NEW YORK WPP Group has prepared a new bid for Cordiant Communications Group as it races against the pairing of Publicis Groupe and hedge fund company Cerberus Capital Management to put the parent of Bates into bankruptcy, sources said.

The new bid will constitute WPP’s third proposal for troubled U.K. holding company CCG.

But Publicis, which intends to divide CCG’s assets with Cerberus as part of a pre-packaged bankruptcy deal, may have run into a snag with its plan.

Sources said a CCG client, believed to be handled by Bates, on Monday informed Publicis chief executive Maurice Levy that it intends to pull its business once the company is put into bankruptcy. Representatives from major Bates clients Pfizer and British American Tobacco, which also use some WPP shops for various assignments, declined comment.

One WPP scenario under consideration has J. Walter Thompson absorbing the much of the Pfizer business now at Bates, sources said. Bates’ domestic assignments from Pfizer include Sudafed, Benadryl, Rolaids, Zantac, Ben Gay, Cortizone, Neosporin and Visine. It also works on two Pfizer products outside the U.S.: Remegel and Mylanta.

WPP’s OgilvyOne would most likely be the beneficiary of Bates’ BAT business since the agency recently joined the company’s roster, handling Pall Mall, sources said. Publicis’s Leo Burnett agency handles BAT’s rival Marlboro, Philip Morris’s tobacco flagship.

Also on Monday, CCG asked that its shares be suspended in trading on the London Stock Exchange, pending “clarification of the company’s financial position,” according to a statement from the company.

It was expected that the battle for control of CCG would move to the U.K.’s High Court on Monday, where Publicis would seek the bankruptcy decree.

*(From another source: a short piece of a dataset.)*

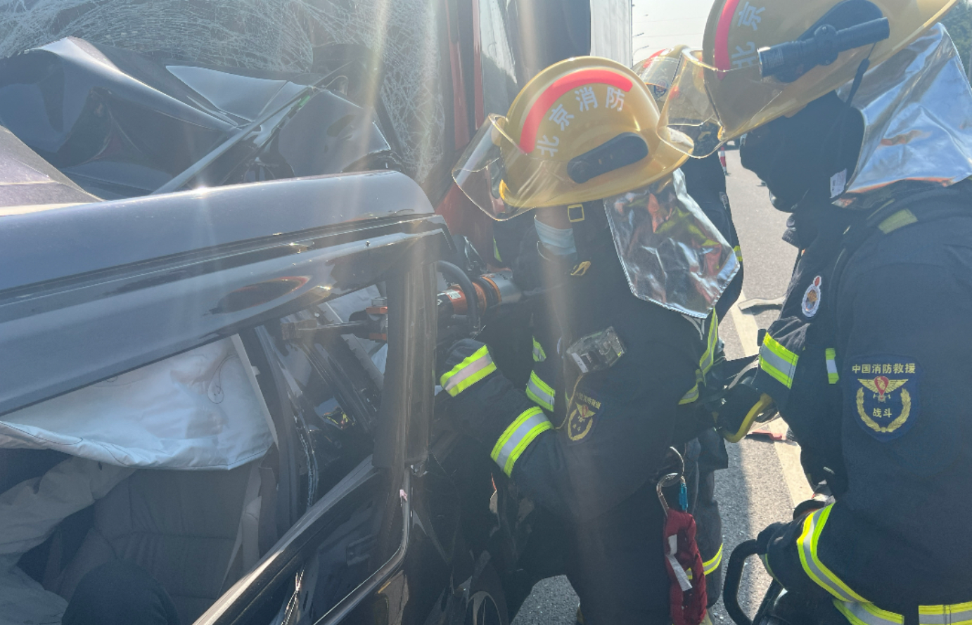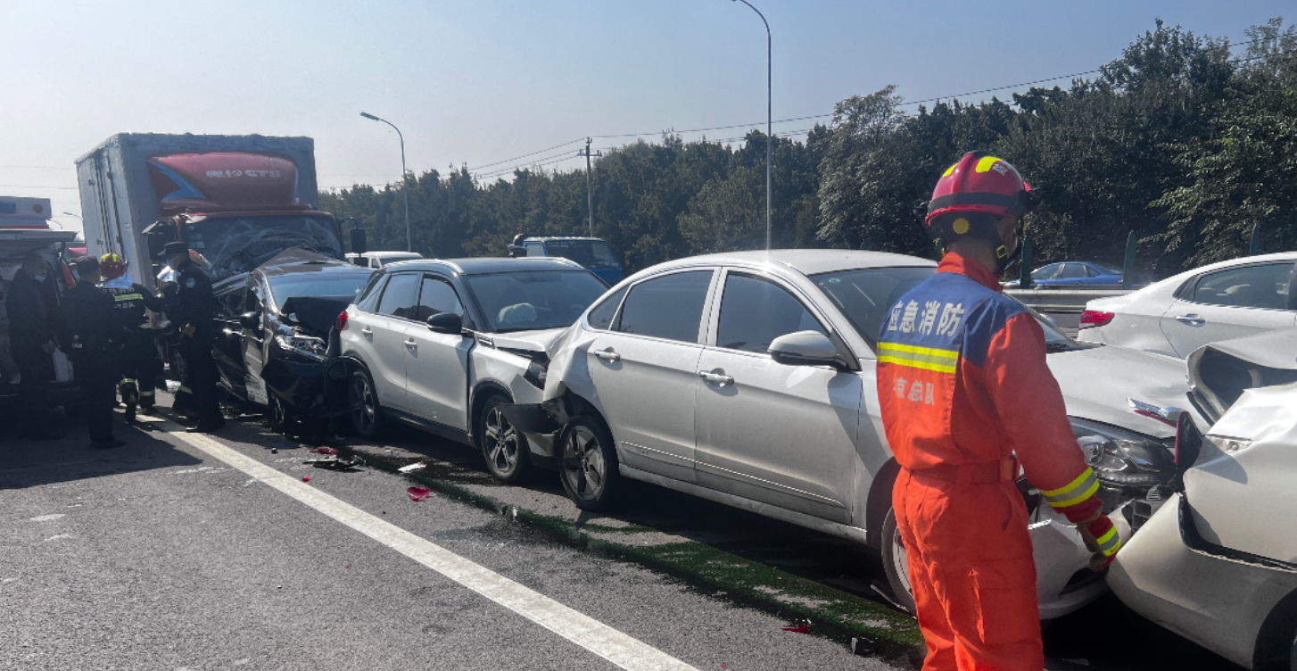10月7日上午11时12分,海淀区消防救援支队香山消防救援站接到报警,北五环香山出口由南向北方向发生八车追尾事故,现场有2名人员被困车内,情况紧急。香山消防救援站立刻按照指挥中心调度出动2车14人前往事故现场。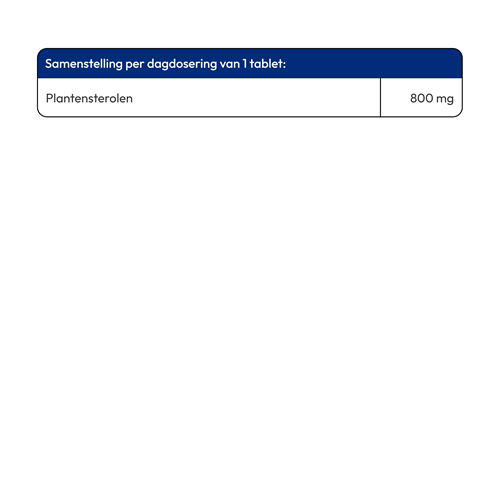 Plantensterolenextract, vulstoffen (microkristallijne cellulose, maïszetmeel, calciumcarbonaat, siliciumdioxide), antiklontermiddel (magnesiumstearaat), coating (hydroxypropylmethylcellulose), bevochtigingsmiddel (glycerol), glansmiddel (bijenwas).

CCG’s bankers met to consider the revised proposal from WPP, which offers more favorable terms for the bankers, rather than a higher overall bid, sources said.

The latest round of developments follows a weekend of maneuvers during which Levy sought to get the upper hand in winning control of CCG. After it became apparent he would seek the bankruptcy move Monday, WPP responded with a “materially” improved offer Sunday. The company wouldn’t disclose the changes. Originally, WPP had made a bid valued at $428 million, composed of a $411 million for Cordiant bonds and $17 million for the company’s equity. Currently, the company is working on an “alternative” offer, which is not expected to be higher in value.

Under its proposed division of CCG assets, Publicis would likely receive the 25 percent stake in Zenith Optimedia, Bates and 141 marketing services. Cerberus, which holds a controlling stake in CCG’s senior debt, would take Healthworld.

This story updates an item posted earlier today.